# Dumbo Fry All Grown Up



## VanBoy (Aug 22, 2012)

He surprised me with the size of his fins. Wow. Thinking he was a female as a fry, he turned out to be a male and a decent looking one, too.

Hmm...11 weeks old in this picture... I think.









Today he is 26 weeks or 6 months old now.
With flash.

















Without flash.

























Natural light.









One question. Does he look better with flash, without flash, or with natural light? I kind of like them all, but I don't think flash really show his true colors.

Edit: He lives in a divided 40 gallon in case you're wondering.


----------



## ChoclateBetta (Jul 22, 2012)

One he looks to red the other he looks to dull. Nice Betta.


----------



## VanBoy (Aug 22, 2012)

ChoclateBetta said:


> One he looks to red the other he looks to dull. Nice Betta.


Haha, yeah that's why I can't decide if I should start taking pictures with flash, without flash, or with natural light.


----------



## ChoclateBetta (Jul 22, 2012)

Too red is better. Are you keeping him and is that his permeant home?


----------



## VanBoy (Aug 22, 2012)

ChoclateBetta said:


> Too red is better. Are you keeping him and is that his permeant home?


1 for without flash. 
Thanks for the input Chocolate. 
Yes, he is a keeper and that is his permanent home.

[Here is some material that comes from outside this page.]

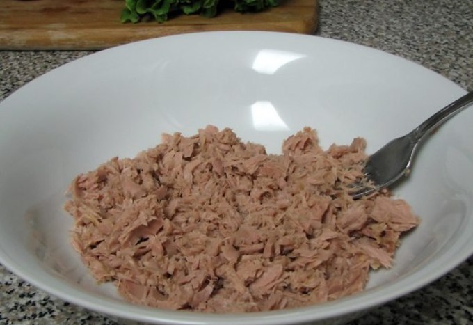 - Відкрийте банку з тунцем, викладіть його в миску і допомогою виделки або блендера перетріть в однорідну масу.

His tank even has plants and lots of them. He's a spoiled little fella. Hehe.


----------



## ChoclateBetta (Jul 22, 2012)

Glad he gets hiding spots. Carter loves his home.


----------



## Maddybelle (Sep 29, 2012)

I like the natural light best. =)


----------



## aemaki09 (Oct 23, 2012)

Natural light! Gorgeous boy btw


----------



## Hijae (Nov 21, 2012)

good job


----------



## ChoclateBetta (Jul 22, 2012)

I vote red light.


----------



## indjo (Jun 6, 2010)

Congrats on your success. Great job and gorgeous bettas.


----------



## VanBoy (Aug 22, 2012)

Thanks guys. I like natural light alot but red makes him look cool. Hmm...


----------



## ChoclateBetta (Jul 22, 2012)

You seem to love him too.


----------



## VanBoy (Aug 22, 2012)

ChoclateBetta said:


> You seem to love him too.


Very much :-D


----------



## ChoclateBetta (Jul 22, 2012)

I wish I had a Betta like him.


----------



## VanBoy (Aug 22, 2012)

Wow thanks Chocolate.

These bettas are from the second batch and are only one month younger. Give them another month and they'll blossom just like the male from the first batch/in the first post. I had about thirty but I gave them all away except for these four.
Should've jar them sooner.

These two are males for sure and this one's my favorite.

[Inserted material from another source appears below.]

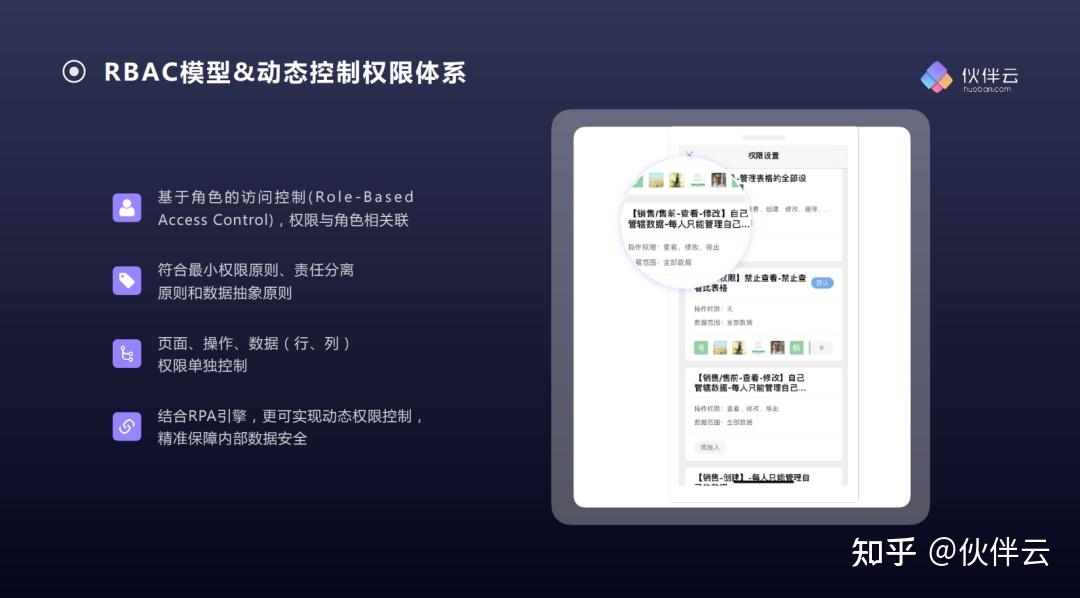 以及刚才提到的RBAC(role based access control),即角色和动态相关联的权限系统。企业需要绩效核算,最理想的绩效是让每一个员工直接看到自己当期的实时绩效,伙伴云可以帮助实现这一点。

Believe it or not, he have a tail spread of 180 degrees when flaring.









Females? *fingers crossed*


----------



## ChoclateBetta (Jul 22, 2012)

I am hoping to get a new Betta. What stock did you use?


----------



## VanBoy (Aug 22, 2012)

Chocolate, what did you mean by "What stock did you use?"


----------



## ChoclateBetta (Jul 22, 2012)

Did you use 5 star show Bettas? I mean he looks like one.


----------



## VanBoy (Aug 22, 2012)

Hehe. I did not use 5 star show bettas but he really do look like a winner doesn't he. Parents were just pet store bettas. But the guy who owns the store and sells the bettas orders them from Thailand. He is the only person I buy bettas from. Also I'm picky when it comes to choosing my breeding pair.

This is the dad

























and the mom

























Notice that all their fry have tiny little ventrals like their father and none have extremely long ventrals like their mother. They would look really nice with their mother's ventrals. Maybe breeding siblings will give me some fry with long ventrals.


----------



## ChoclateBetta (Jul 22, 2012)

I am suprised pet store Bettas usually come that badly. Because of bad genetics and old age.


----------



## VanBoy (Aug 22, 2012)

ChoclateBetta said:


> I am suprised pet store Bettas usually come that badly. Because of bad genetics and old age.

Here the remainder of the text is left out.